### WORK TO COMPLETE
Write out the full listing exactly as given, minus the images.

-----

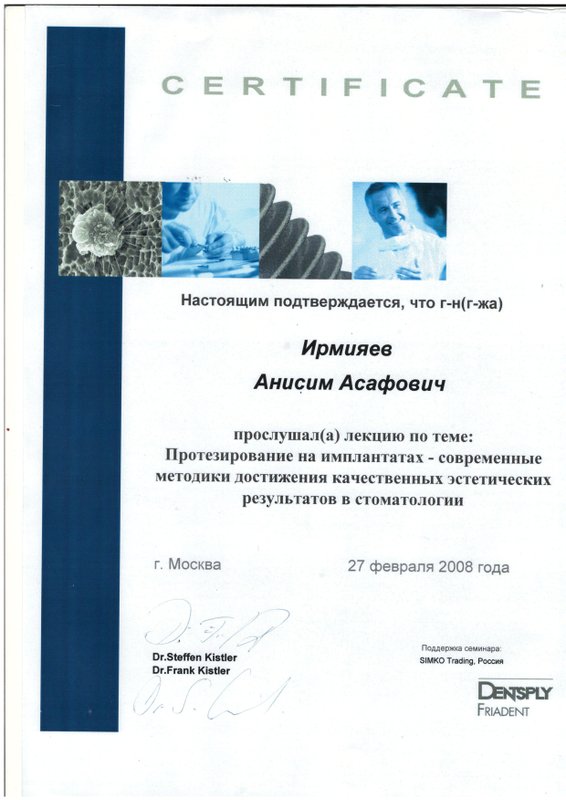 Преимущества: Имплант ставила у Анисима Асафовича. Отличный врач, сделал аккуратно и с гарантией. Имплант зуба быстро прижился.
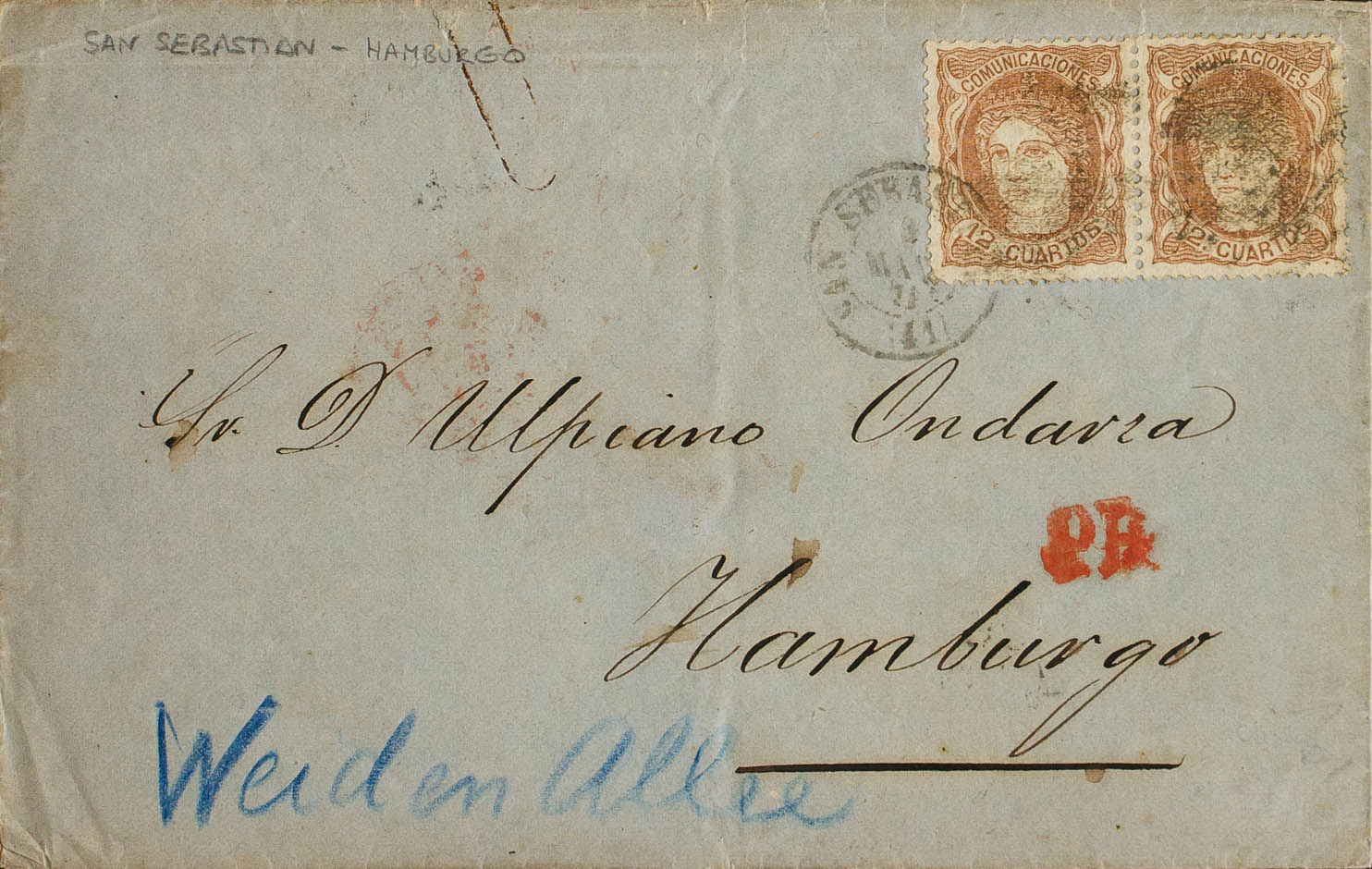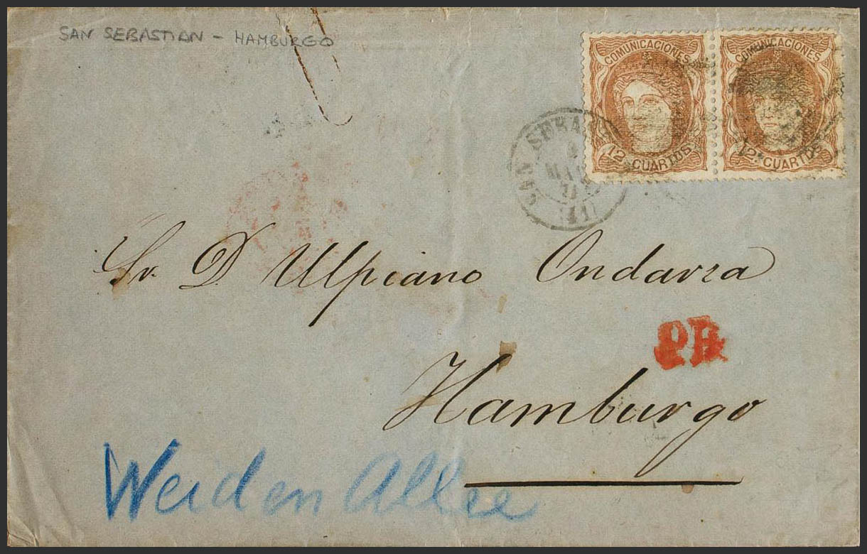 113(2). 1871. 12 cuartos castaño, pareja. SAN SEBASTIAN a HAMBURGO. Matasello SAN SEBASTIAN / (41). MAGNIFICA E INUSUAL TARIFA DE 24 CUARTOS A PRUSIA.
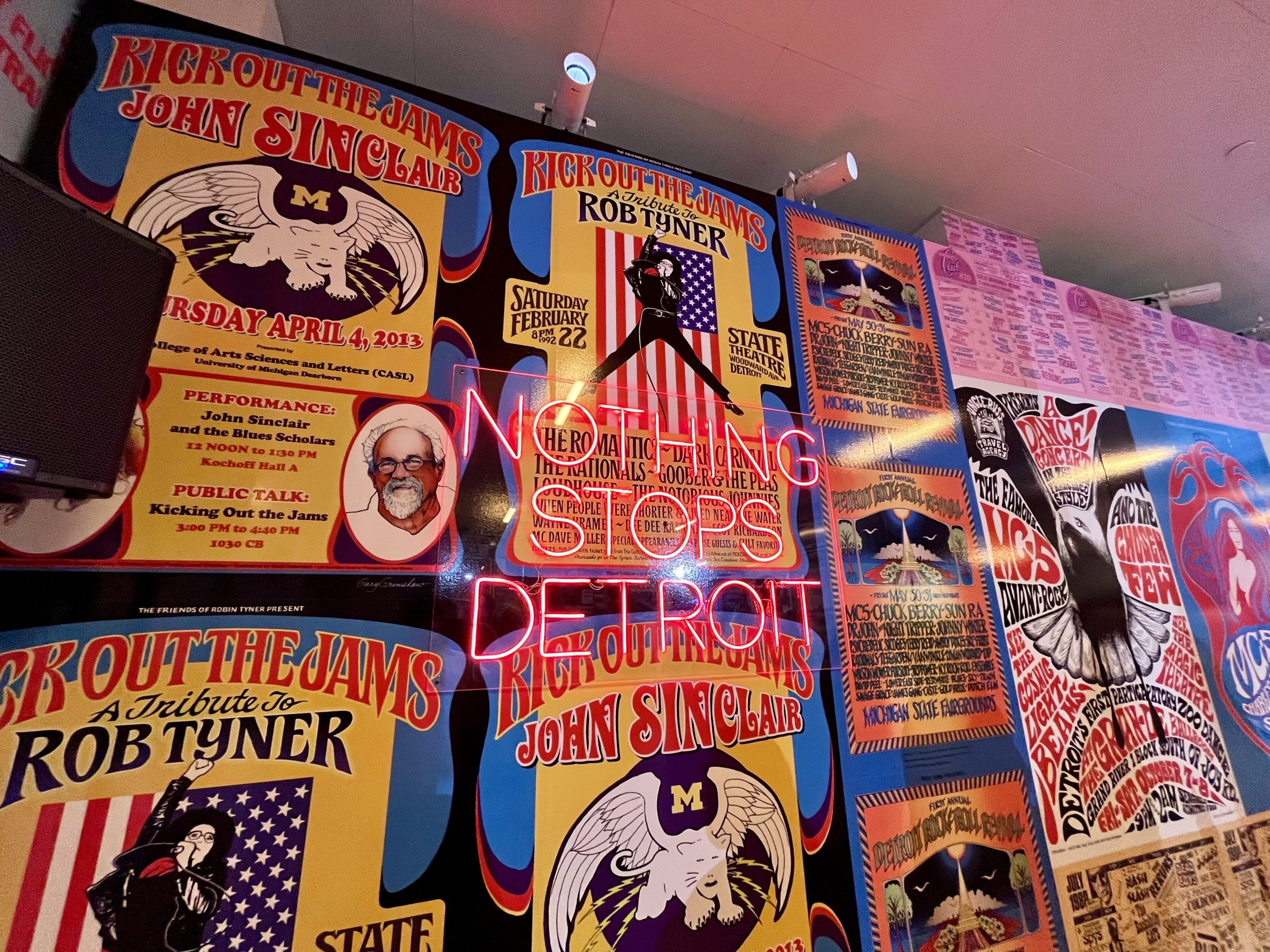 That weekend I also visited the Eastern Market, Detroit’s old thriving farmers market, where I bought from an urban art dealer an original “Don’t Let The City Eat You!” sticker for my bike. Went to Third Man Records where I tried to prove I was hipper than the staff by asking if they had what should be a Detroit classic, The Dirtbombs’ “Party Store” on vinyl. They did not, and I managed to hold back my aging hipster judgment.
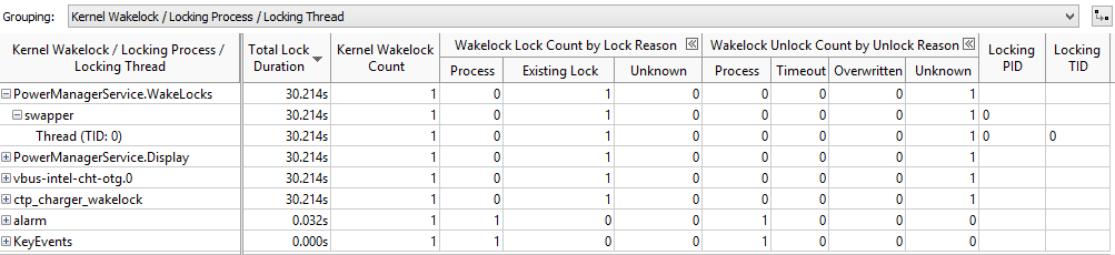 ボタンをクリックしてカラムを展開し、各デバイスの異なるウェイクロック・オブジェクトを表示します。デフォルトでは、表は [カーネル・ウェイクロック/ロックするプロセス/ロックするスレッド] グループで昇順にソートされ、ロック持続時間の合計が最も大きいオブジェクトが一番上に表示されます。データセルを右クリックして、[データを表示] オプションで代替単位を選択して表示する単位を変更できます。
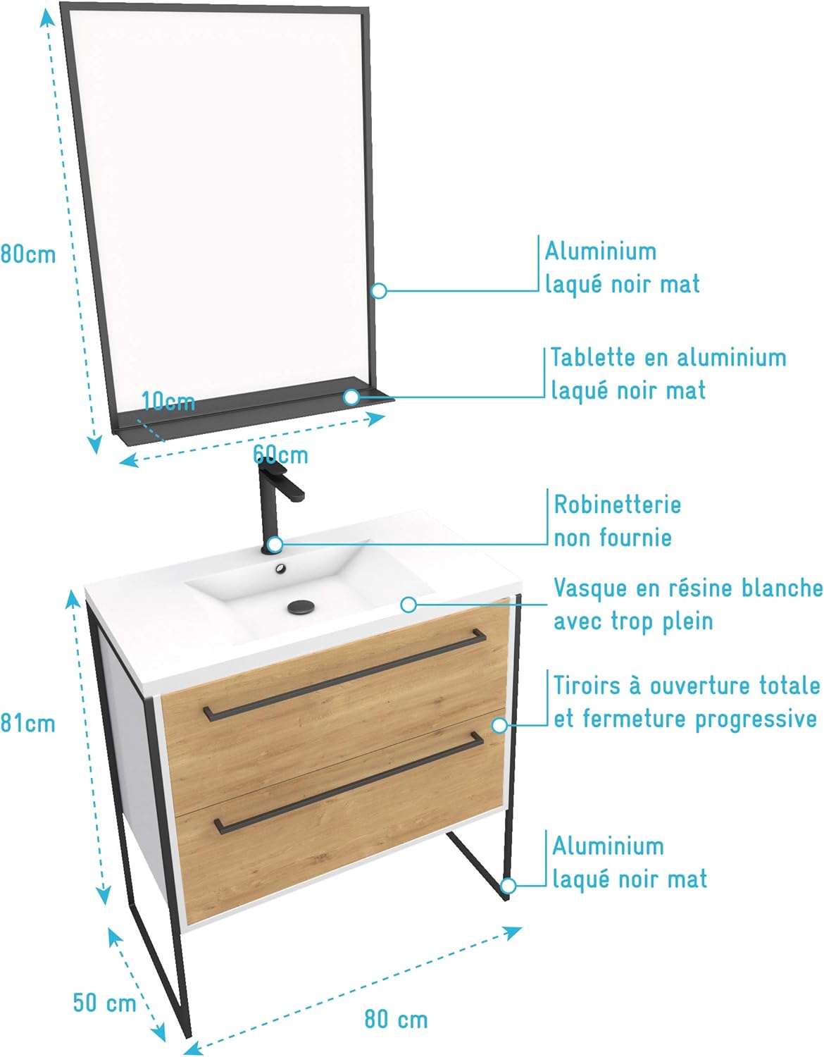 Structura P034 Bathroom Cabinet Pack 80 x 50 cm White 2 Drawers White Basin and Mirror Matt Black Matt white cabinet with two brown oak fronts + white resin basin + single mirror. Cabinet features: MDF cabinet and matt white melamine. White resin basin with overflow 2 drawers with total opening and gradual closing (soft close system). High quality metal drawer runners MDF drawer fronts with matt white finish. Feet, aluminium handles with matt black lacquered finish. Cabinet mounted except front panels. Tap not included. Cabinet dimensions: 80 x 50 x 81 cm. Drawer thickness: 18 mm. Basin dimensions: 80 x 50 cm. Bowl thickness: 4 cm. Mirror features: Matt black lacquered aluminium frame with shelf. Mirror dimensions: 80 x 60 x 10 cm.
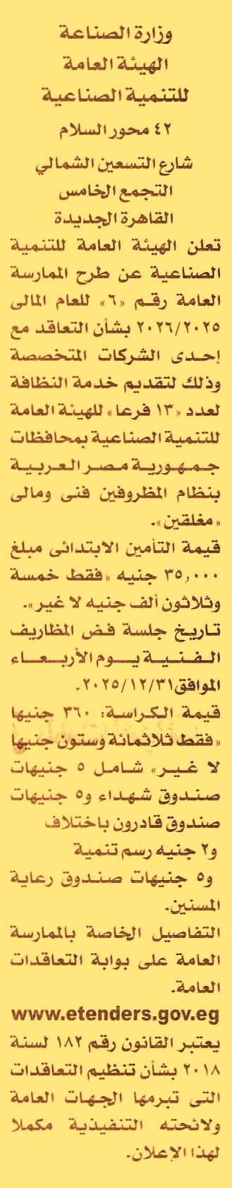 HOT Information ممارسة عامة رقم 6/2025/2026 لعملية تقديم خدمة النظافة لعدد 13 فرع للهيئة بالمحافظات عن جريدة الأخبار Post navigation رئاسة حي غرب المنصورة الإدارة العامة المتكاملة لري شرق الفيوم

-----

### OUTPUT FOR THIS TASK
 Преимущества: Имплант ставила у Анисима Асафовича. Отличный врач, сделал аккуратно и с гарантией. Имплант зуба быстро прижился.
 113(2). 1871. 12 cuartos castaño, pareja. SAN SEBASTIAN a HAMBURGO. Matasello SAN SEBASTIAN / (41). MAGNIFICA E INUSUAL TARIFA DE 24 CUARTOS A PRUSIA.
 That weekend I also visited the Eastern Market, Detroit’s old thriving farmers market, where I bought from an urban art dealer an original “Don’t Let The City Eat You!” sticker for my bike. Went to Third Man Records where I tried to prove I was hipper than the staff by asking if they had what should be a Detroit classic, The Dirtbombs’ “Party Store” on vinyl. They did not, and I managed to hold back my aging hipster judgment.
 ボタンをクリックしてカラムを展開し、各デバイスの異なるウェイクロック・オブジェクトを表示します。デフォルトでは、表は [カーネル・ウェイクロック/ロックするプロセス/ロックするスレッド] グループで昇順にソートされ、ロック持続時間の合計が最も大きいオブジェクトが一番上に表示されます。データセルを右クリックして、[データを表示] オプションで代替単位を選択して表示する単位を変更できます。
 Structura P034 Bathroom Cabinet Pack 80 x 50 cm White 2 Drawers White Basin and Mirror Matt Black Matt white cabinet with two brown oak fronts + white resin basin + single mirror. Cabinet features: MDF cabinet and matt white melamine. White resin basin with overflow 2 drawers with total opening and gradual closing (soft close system). High quality metal drawer runners MDF drawer fronts with matt white finish. Feet, aluminium handles with matt black lacquered finish. Cabinet mounted except front panels. Tap not included. Cabinet dimensions: 80 x 50 x 81 cm. Drawer thickness: 18 mm. Basin dimensions: 80 x 50 cm. Bowl thickness: 4 cm. Mirror features: Matt black lacquered aluminium frame with shelf. Mirror dimensions: 80 x 60 x 10 cm.
 HOT Information ممارسة عامة رقم 6/2025/2026 لعملية تقديم خدمة النظافة لعدد 13 فرع للهيئة بالمحافظات عن جريدة الأخبار Post navigation رئاسة حي غرب المنصورة الإدارة العامة المتكاملة لري شرق الفيوم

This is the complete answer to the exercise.